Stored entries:
□ □ □ □ □ □ □
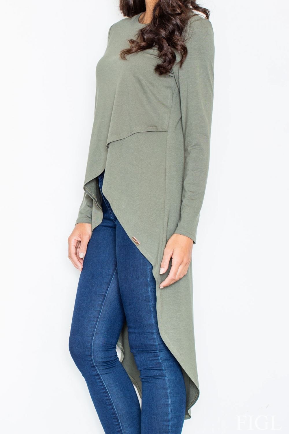 Dámska tunika M412 FIGL asymetrického strihu pre ženy, ktoré ocenia ležérne eleganciu. Tunika má dlhé rukávy a okrúhly výstrih. Vhodné pre každodenné príležitosť. K objednaniu v štyroch farbách.
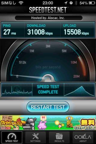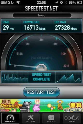 そこで有線LANポートにWN-TR2をつけて、iPhoneで速度計測してみました。
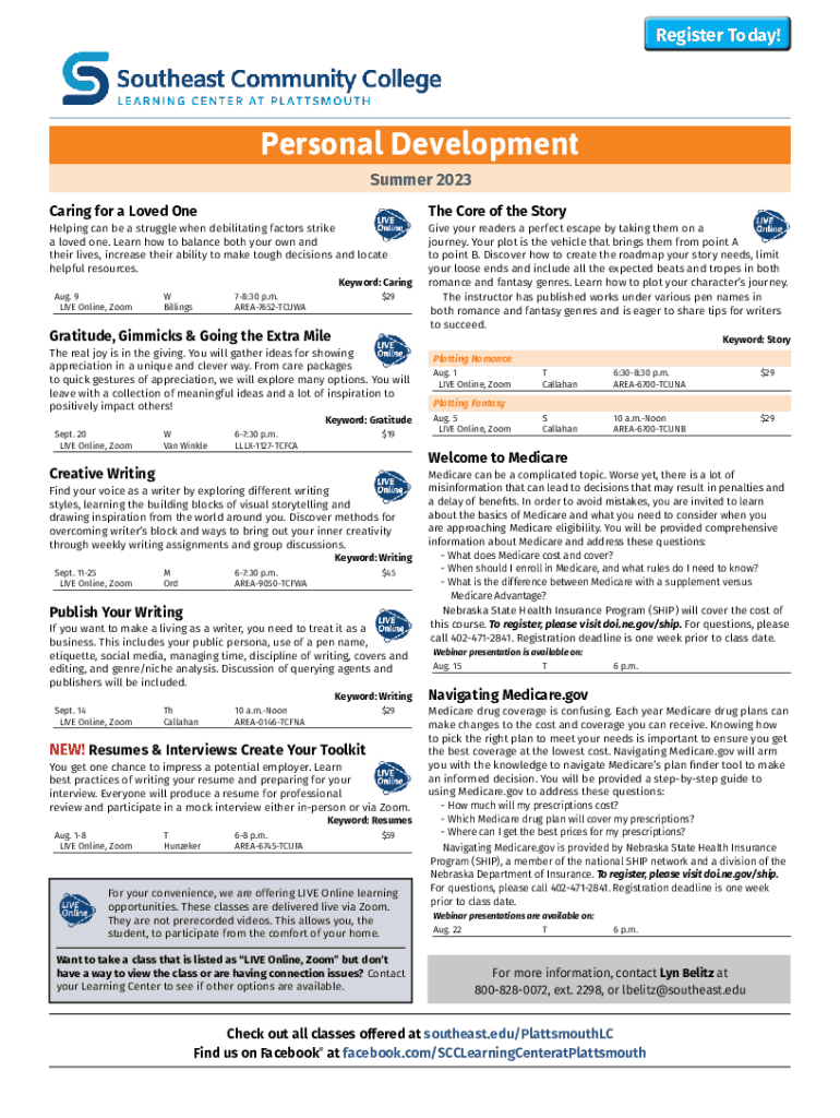 Register Today!Personal Development Summer 2023 Caring for a Loved OneHelping can be a struggle when debilitating factors strike a loved one. Learn how to balance both your own and their lives, increase
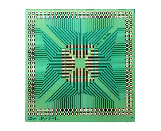 Universal PCB, single-sided for mounting SMD QFP48-QFP144 witch 0,5mm. Hole diameter 1,0mm; pitch 2,54mm; dimensions 71x73,5mm.
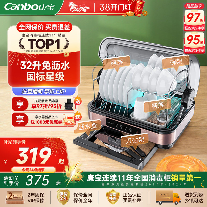 康宝母婴消毒柜家用新款小型碗柜台式迷你茶杯烘干一体机碗筷收纳
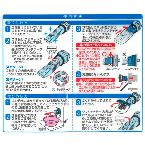 ワンタッチテープは必ず使用し、「取り外し」はゆっくり行ってください。ゴミ受けへの固定が不十分な場合、または勢いよく引き出すと、ネットが穴に取り残される恐れがあります。
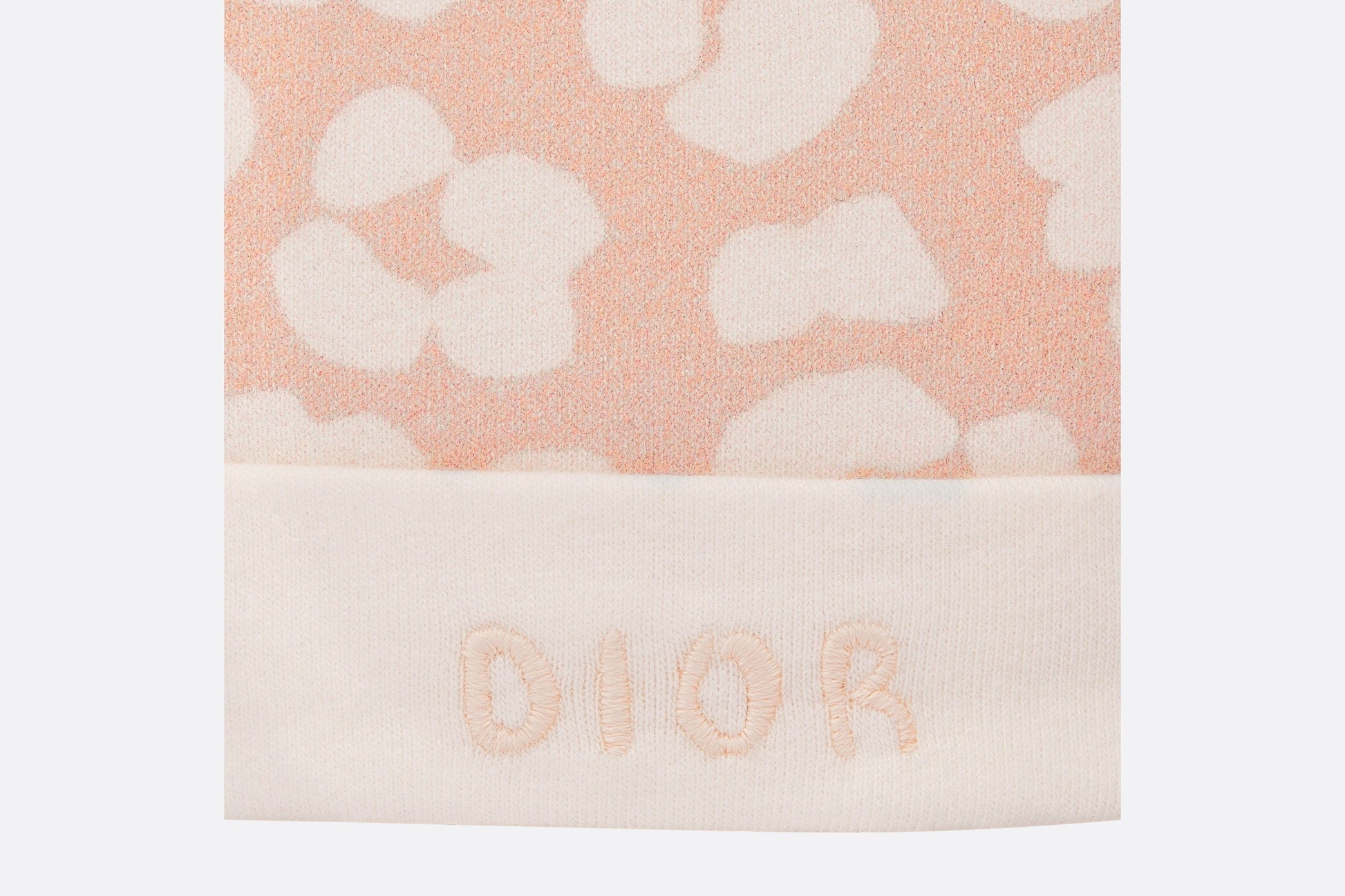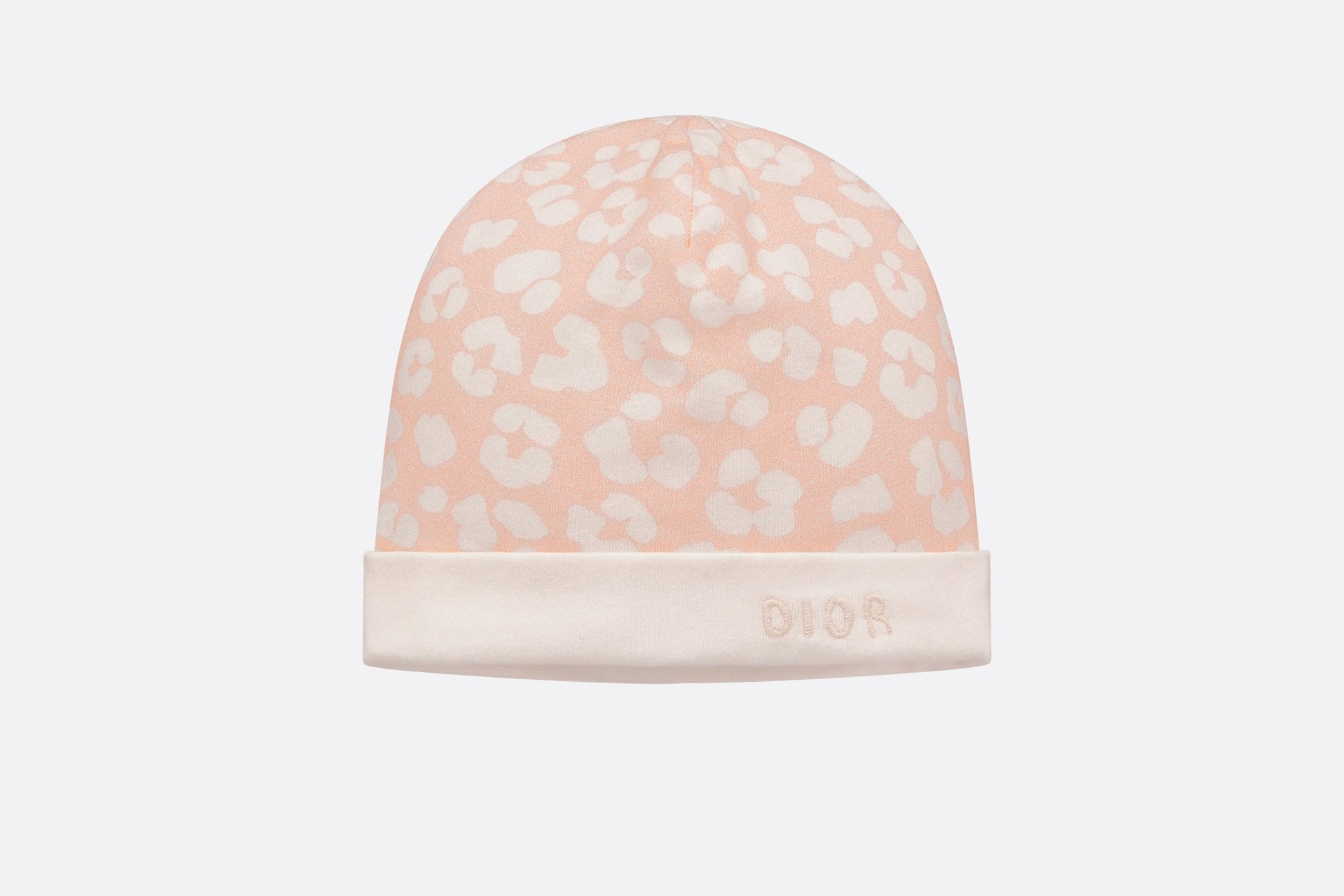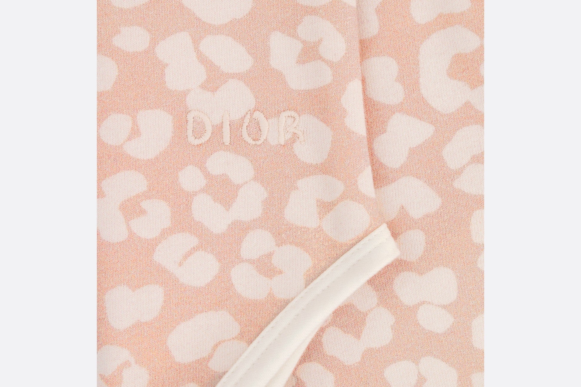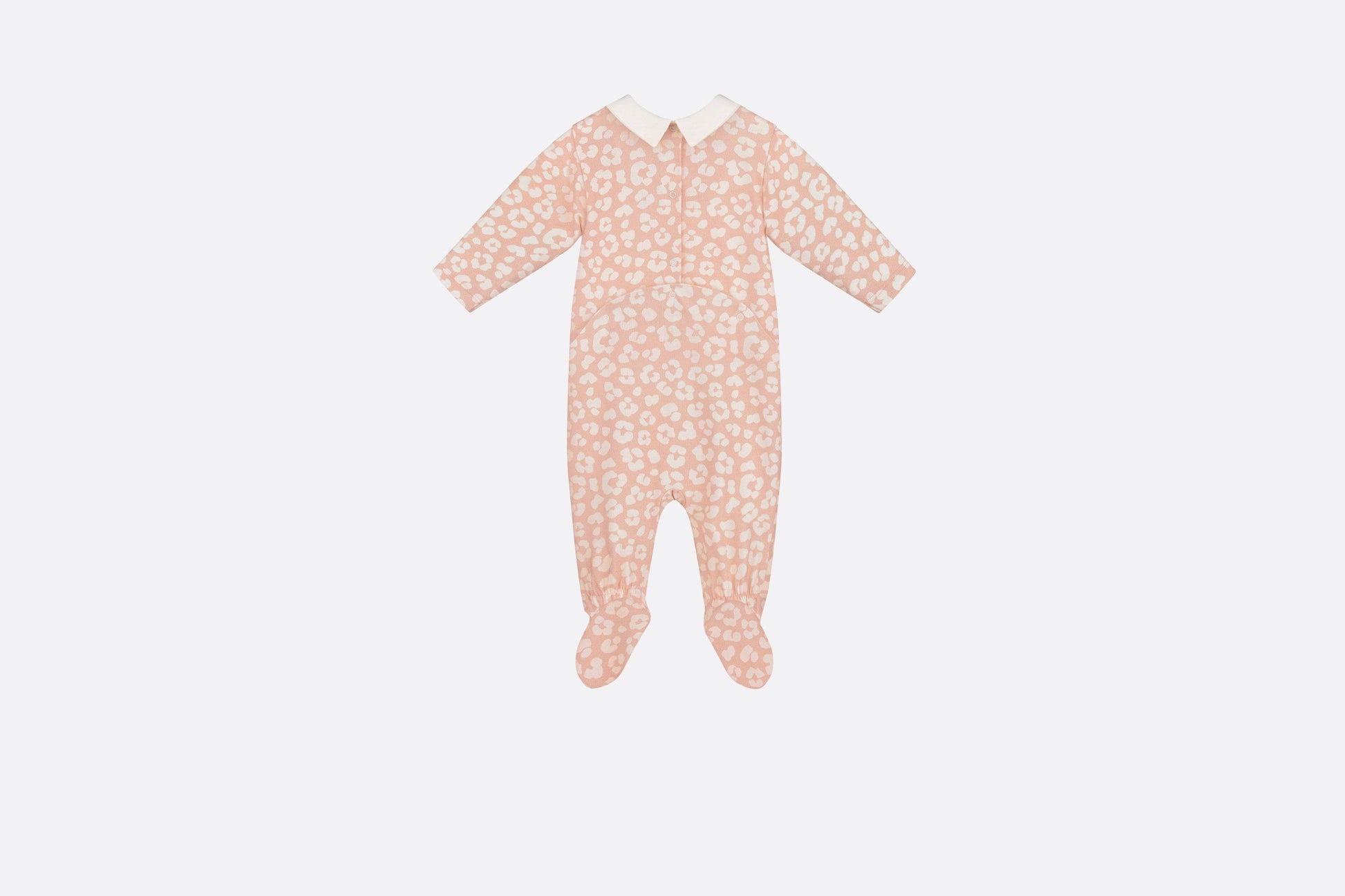 The newborn gift set honors House heritage with a graphic leopard motif. Crafted in pink cotton jersey with an all-over pale pink print, the set is composed of a long-sleeved onesie, pajamas and a beanie. Enhanced by a snap placket for easy dressing, the pajamas and onesie are completed with an ivory spread collar for a chic touch. Adorned with a pale pink revisited Dior embroidery and leopard spots on each piece, the soft set will make an ideal gift for newborns.
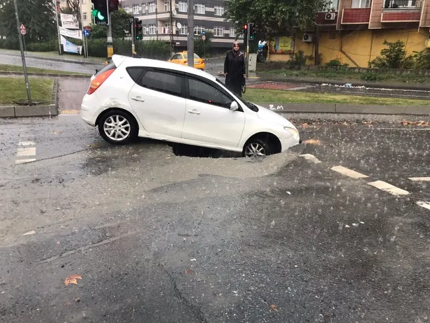 Otomobilinin çıkarılması için itfaiye ekiplerinin çalışmalarını tamamlamasını bekleyen Osman, "Yağmur vardı, sel akıyordu. Adımı atana kadar çöktü orası. Önümdeki araç geçti, arkası çukura düştü önden kurtardı. Ben de arkasındaydım yavaşladım ama düştüm çukura. Burada sel akıyordu. Kendi imkanlarımızla çıktık araçtan" dedi.
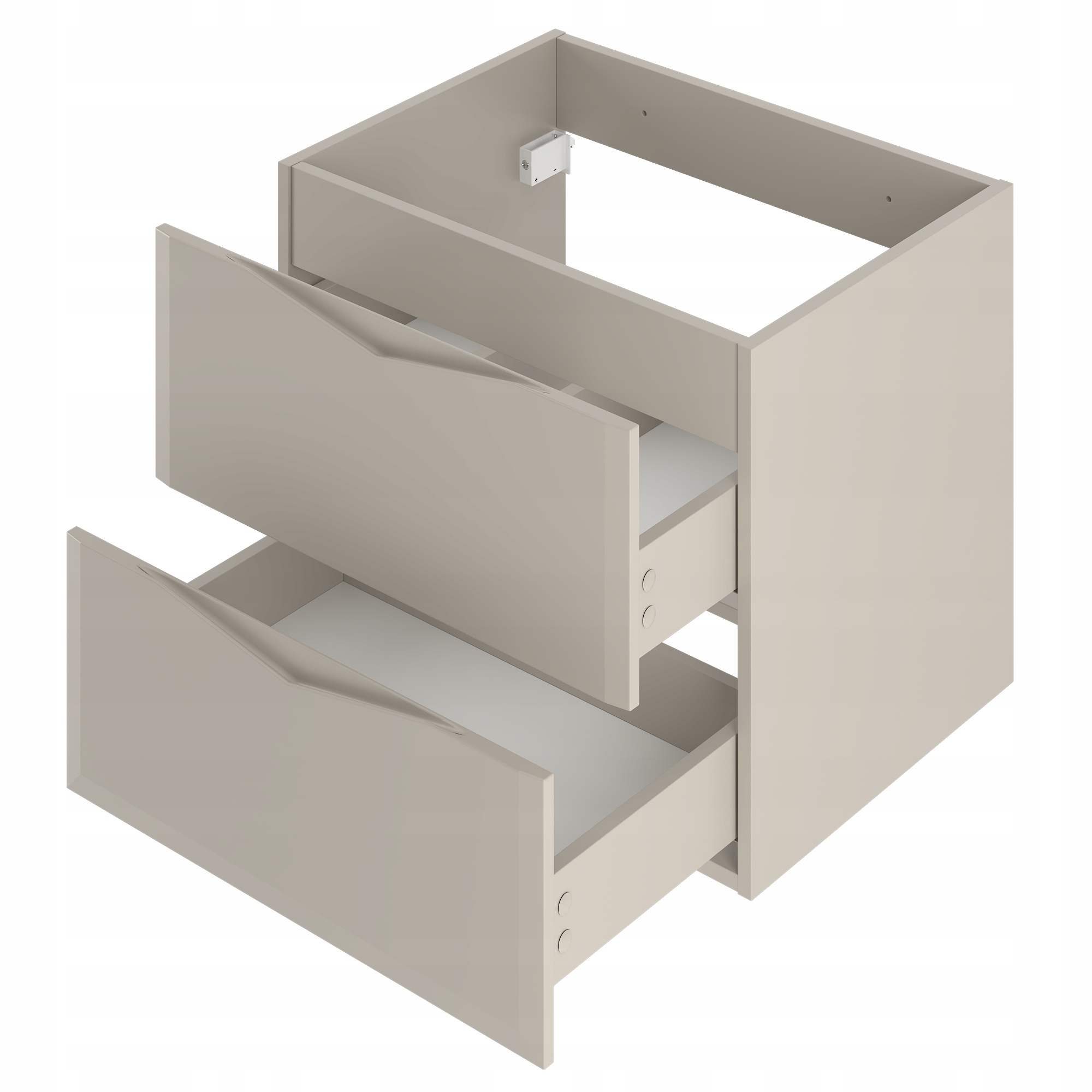 Model o szerokości 60 cm został wyposażony w dwie pojemne szuflady z prowadnicami dolnego montażu i systemem cichego domykania, co zapewnia codzienny komfort użytkowania. Całość uzupełnia blat w kolorze kaszmir, który nadaje bryle spójny wygląd i harmonijnie komponuje się z resztą konstrukcji. Wisząca forma dodaje meblowi lekkości i ułatwia utrzymanie czystości w łazience.
□ □ □ □ □ □ □
[WHAT YOU SHOULD DO] Skip all pictures. Copy exactly the lines from the one containing "The newborn gift" through the end of the records, both ends included.

[SOLUTION]
 The newborn gift set honors House heritage with a graphic leopard motif. Crafted in pink cotton jersey with an all-over pale pink print, the set is composed of a long-sleeved onesie, pajamas and a beanie. Enhanced by a snap placket for easy dressing, the pajamas and onesie are completed with an ivory spread collar for a chic touch. Adorned with a pale pink revisited Dior embroidery and leopard spots on each piece, the soft set will make an ideal gift for newborns.
 Otomobilinin çıkarılması için itfaiye ekiplerinin çalışmalarını tamamlamasını bekleyen Osman, "Yağmur vardı, sel akıyordu. Adımı atana kadar çöktü orası. Önümdeki araç geçti, arkası çukura düştü önden kurtardı. Ben de arkasındaydım yavaşladım ama düştüm çukura. Burada sel akıyordu. Kendi imkanlarımızla çıktık araçtan" dedi.
 Model o szerokości 60 cm został wyposażony w dwie pojemne szuflady z prowadnicami dolnego montażu i systemem cichego domykania, co zapewnia codzienny komfort użytkowania. Całość uzupełnia blat w kolorze kaszmir, który nadaje bryle spójny wygląd i harmonijnie komponuje się z resztą konstrukcji. Wisząca forma dodaje meblowi lekkości i ułatwia utrzymanie czystości w łazience.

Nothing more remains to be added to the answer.